- [YOUR OBJECTIVE]
Print only the lines below, from the very first to the one containing "vivo X100 16GB+1TB", exactly as they stand. Do not print pictures.

- [RECORDS FOR THIS TASK]
--- START ---
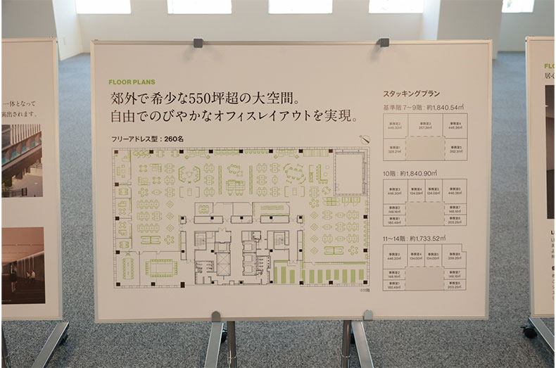 フロア面積約550坪、天井高2.8m、最大奥行約17.6mの柱のない開放的な空間
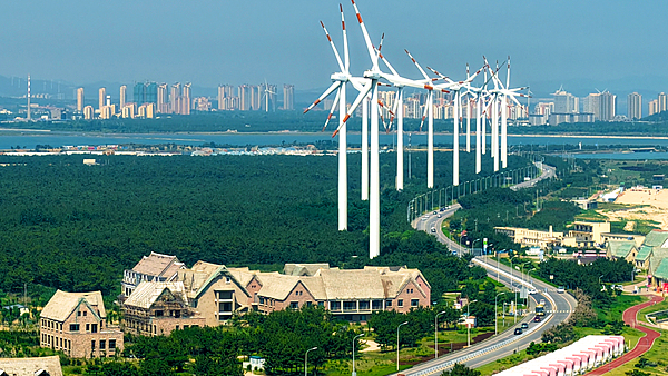 2025年6月25日,山東威海榮成市北部沿海,成排壯觀的風力發電機迎風舞動。 視覺中國
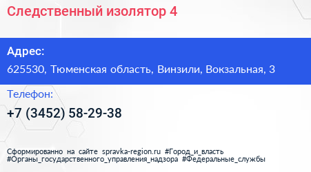 Следственный изолятор №4 по адресу 625530, Тюменская область, Винзили, Вокзальная, 3 в дальнейшем Организация, размещена в следующих категориях:
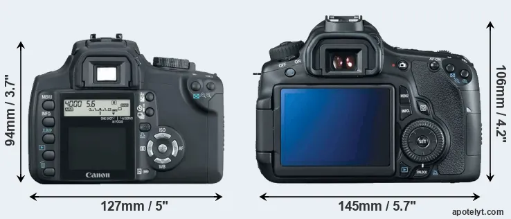 The physical size and weight of the Canon 350D and the Canon 60D are illustrated in the side-by-side display below. The two cameras are presented according to their relative size. Three consecutive views from the front, the top, and the rear side are shown. All width, height and depth dimensions are rounded to the nearest millimeter.
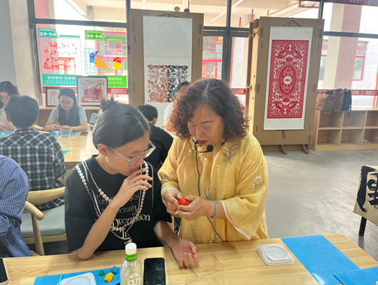 在实践课堂上,非遗美育的画卷徐徐展开。面塑非遗传承人赵翠莲老师,以其匠心独运的技艺,为学生们揭开了传统面塑的神秘面纱。“面团的配比是作品成功的关键”,赵老师一边讲解小麦粉、糯米粉与淀粉的黄金配比,一边示范刻刀雕刻的技巧要领,这些凝聚着农耕文明智慧的传统工艺,如同璀璨的明珠,令在场学生赞叹不已。赵老师的一招一式,都传递着非遗技艺的美学精髓,让学生们深刻体会到非遗技艺的精妙之处,感受到非遗美育的实践魅力。
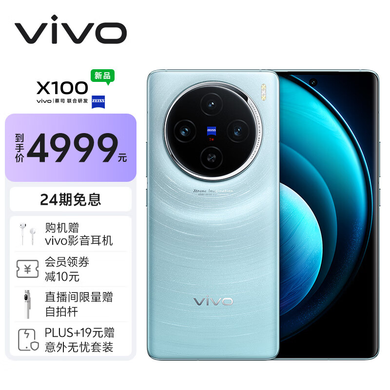 vivo X100 16GB+1TB 星迹蓝 蓝晶×天玑9300 5000mAh蓝海电池 蔡司超级长焦 120W双芯闪充 拍照 手机价格:4999.00元!
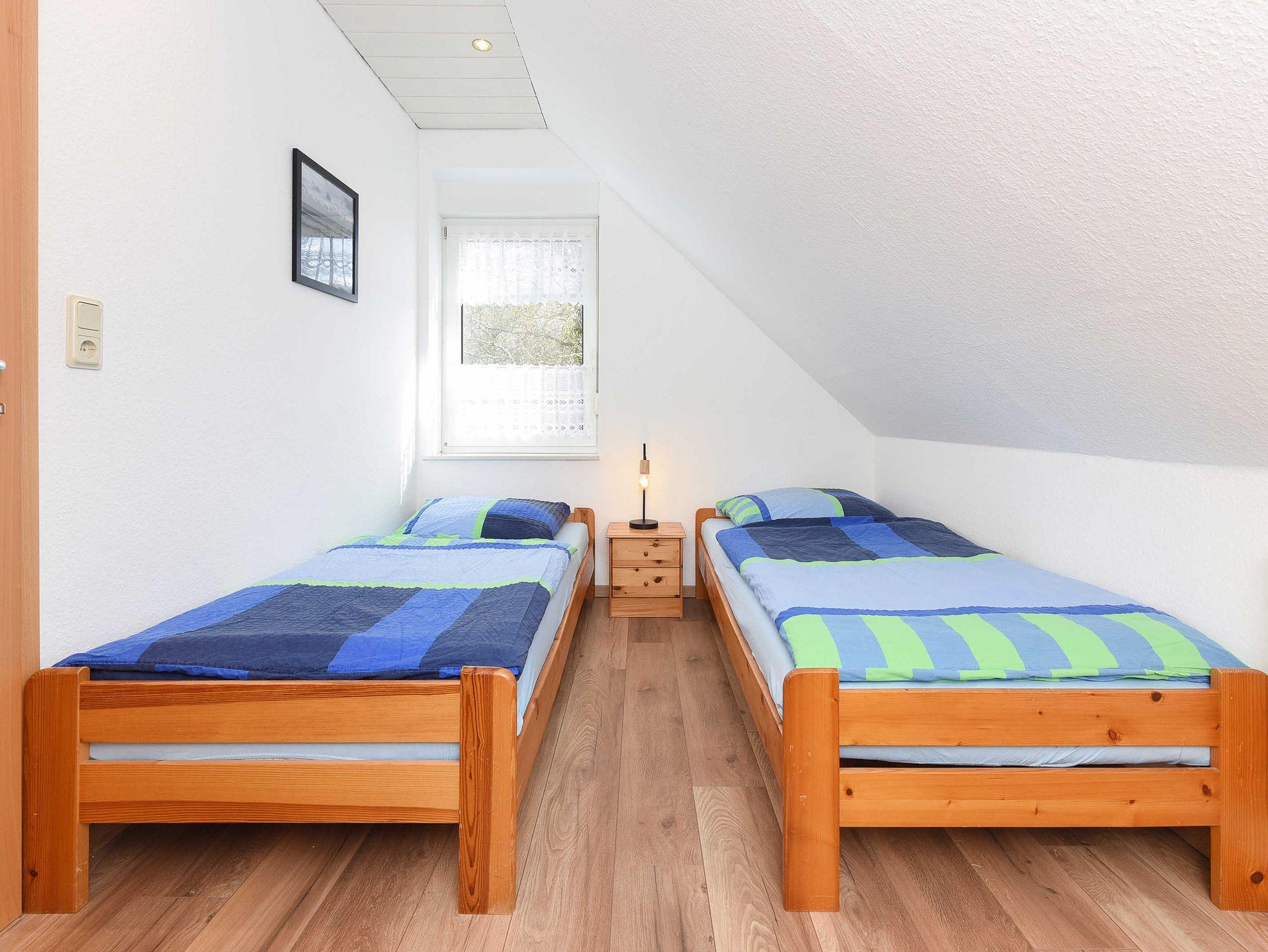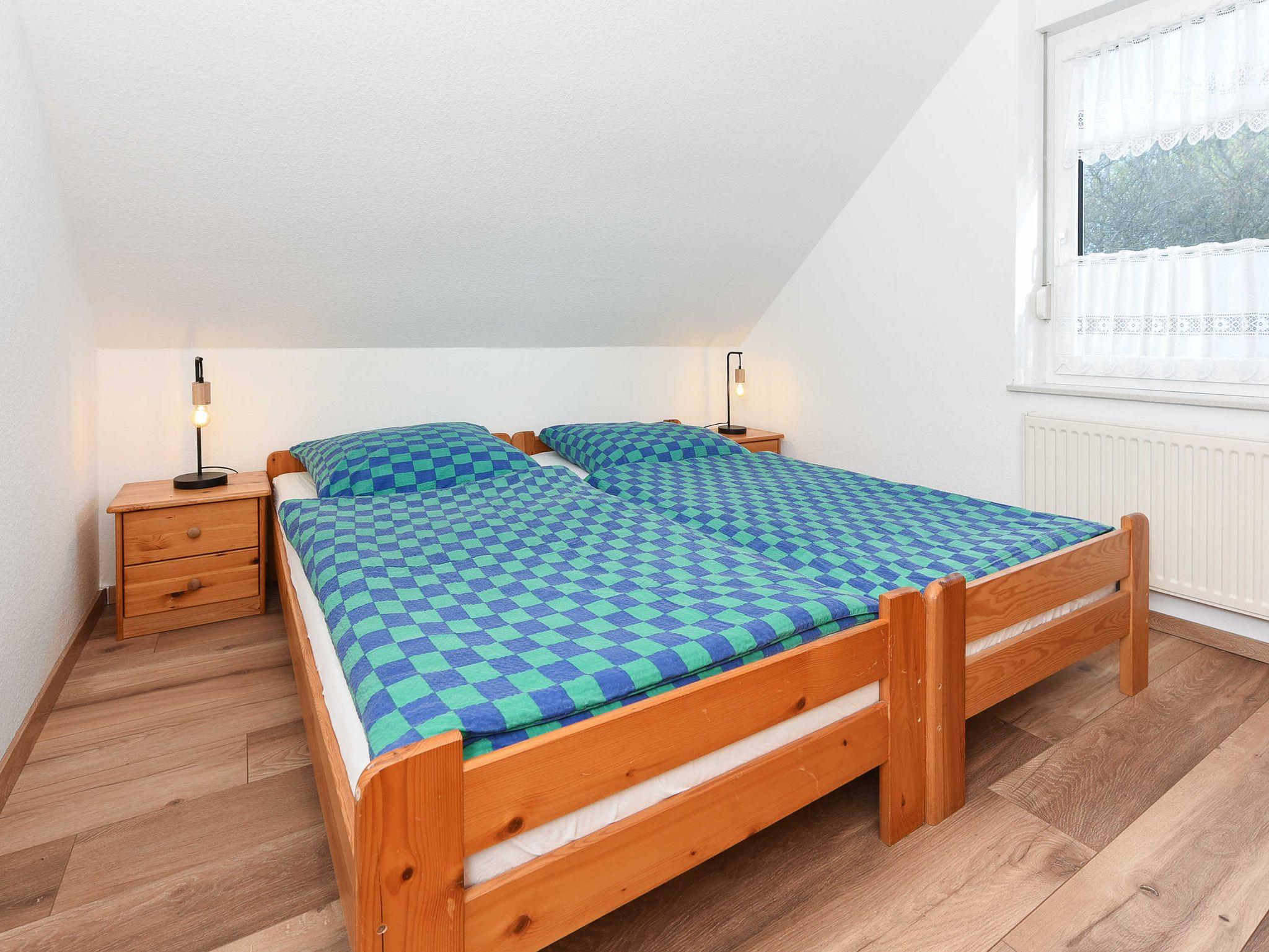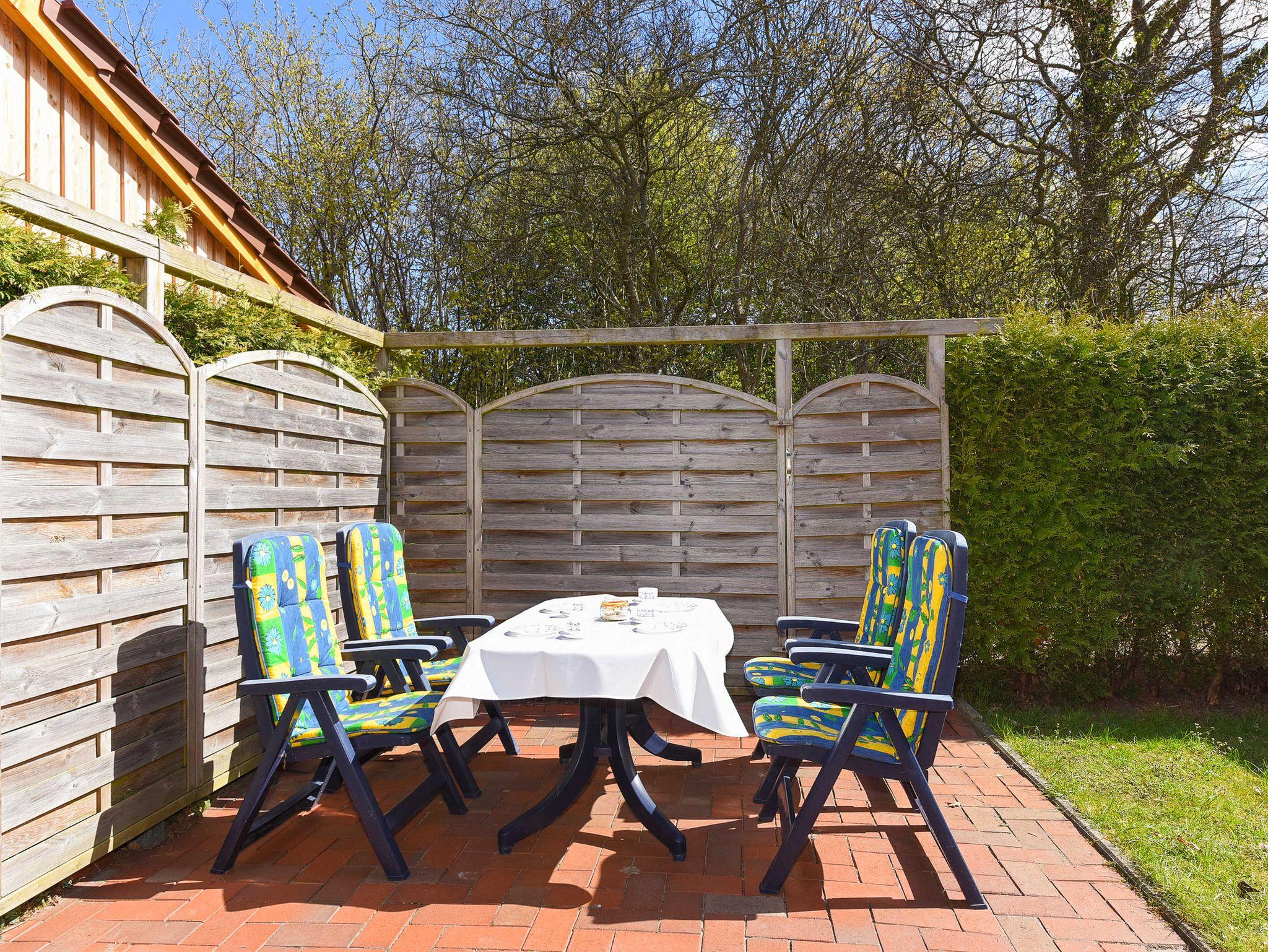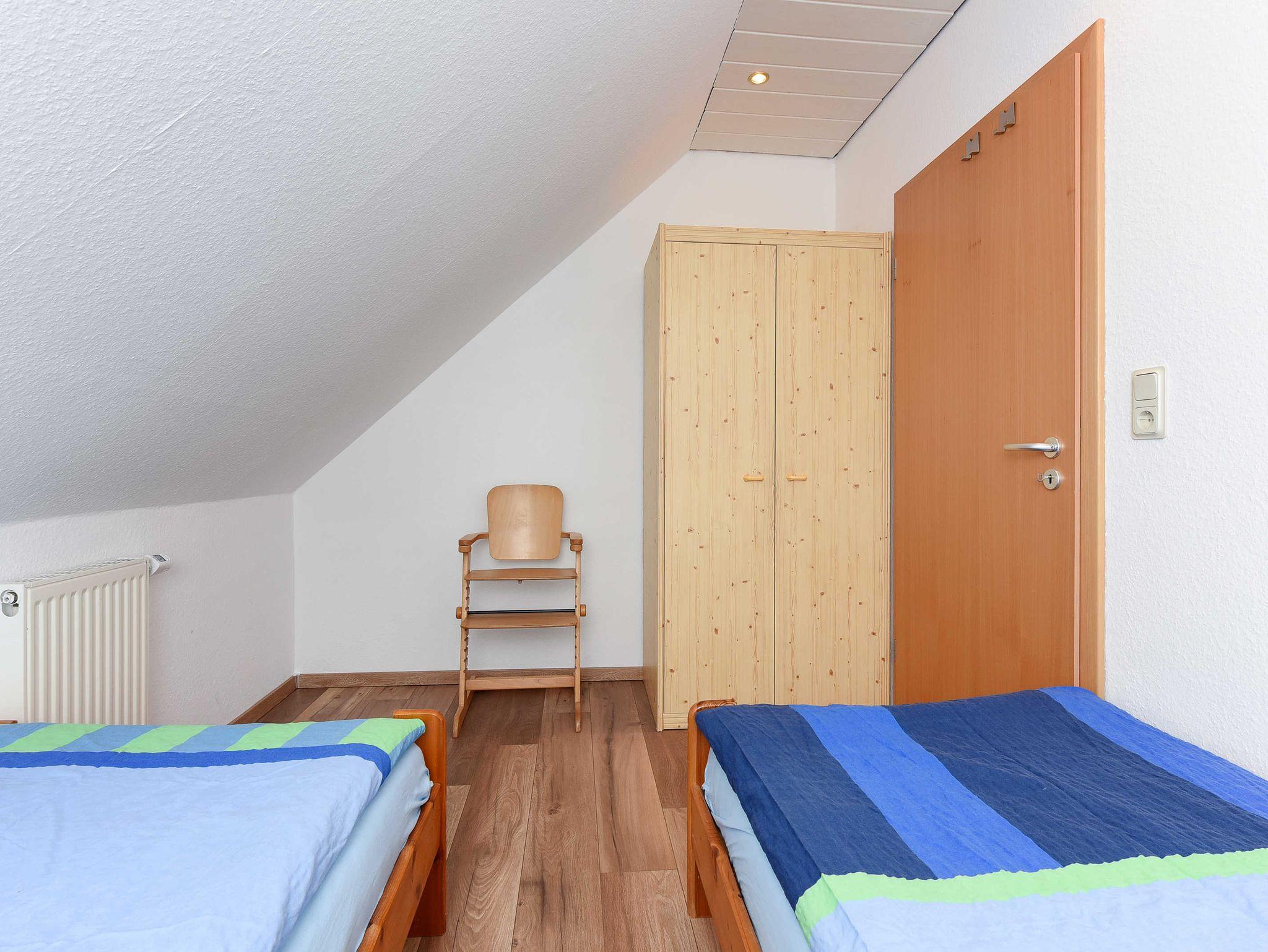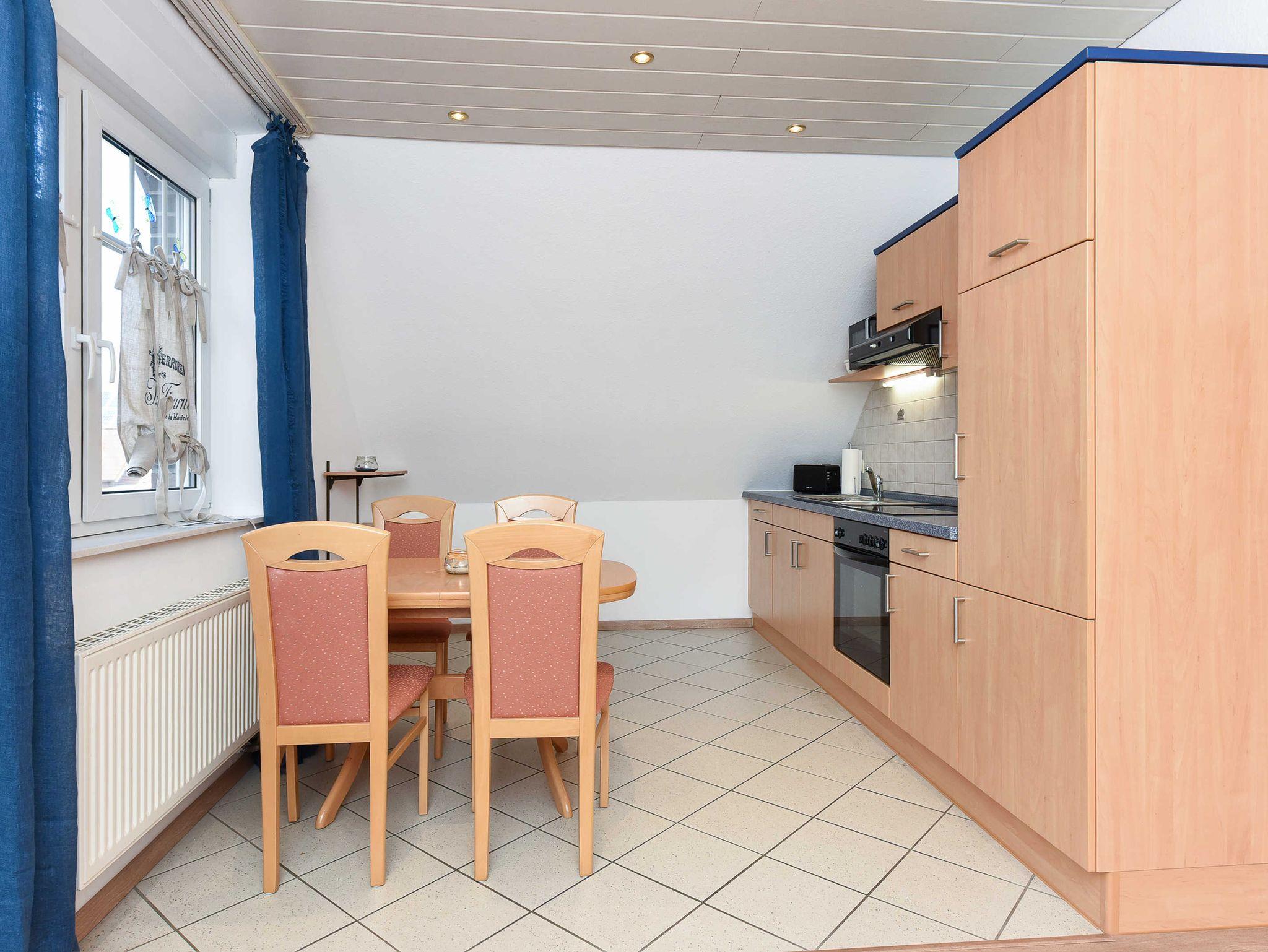 Größe ca. 60 Quadratmeter, Wohnraum mit integrierter Küche, Schlafzimmer, zweites separates, Schlafzimmer/Kinderzimmer, Badezimmer mit Dusche, Waschtisch und WC, Obergeschoss, Terrasse, Koffer-/Abstellraum, Hauswirtschaftsraum mit Waschmaschine und Wäschetrockner, optimal für 2 bis 4 Personen und zusätzlich ein Kleinkind.
--- END ---
- [RESULT FOR THIS EXERCISE]
 フロア面積約550坪、天井高2.8m、最大奥行約17.6mの柱のない開放的な空間
 2025年6月25日,山東威海榮成市北部沿海,成排壯觀的風力發電機迎風舞動。 視覺中國
 Следственный изолятор №4 по адресу 625530, Тюменская область, Винзили, Вокзальная, 3 в дальнейшем Организация, размещена в следующих категориях:
 The physical size and weight of the Canon 350D and the Canon 60D are illustrated in the side-by-side display below. The two cameras are presented according to their relative size. Three consecutive views from the front, the top, and the rear side are shown. All width, height and depth dimensions are rounded to the nearest millimeter.
 在实践课堂上,非遗美育的画卷徐徐展开。面塑非遗传承人赵翠莲老师,以其匠心独运的技艺,为学生们揭开了传统面塑的神秘面纱。“面团的配比是作品成功的关键”,赵老师一边讲解小麦粉、糯米粉与淀粉的黄金配比,一边示范刻刀雕刻的技巧要领,这些凝聚着农耕文明智慧的传统工艺,如同璀璨的明珠,令在场学生赞叹不已。赵老师的一招一式,都传递着非遗技艺的美学精髓,让学生们深刻体会到非遗技艺的精妙之处,感受到非遗美育的实践魅力。
 vivo X100 16GB+1TB 星迹蓝 蓝晶×天玑9300 5000mAh蓝海电池 蔡司超级长焦 120W双芯闪充 拍照 手机价格:4999.00元!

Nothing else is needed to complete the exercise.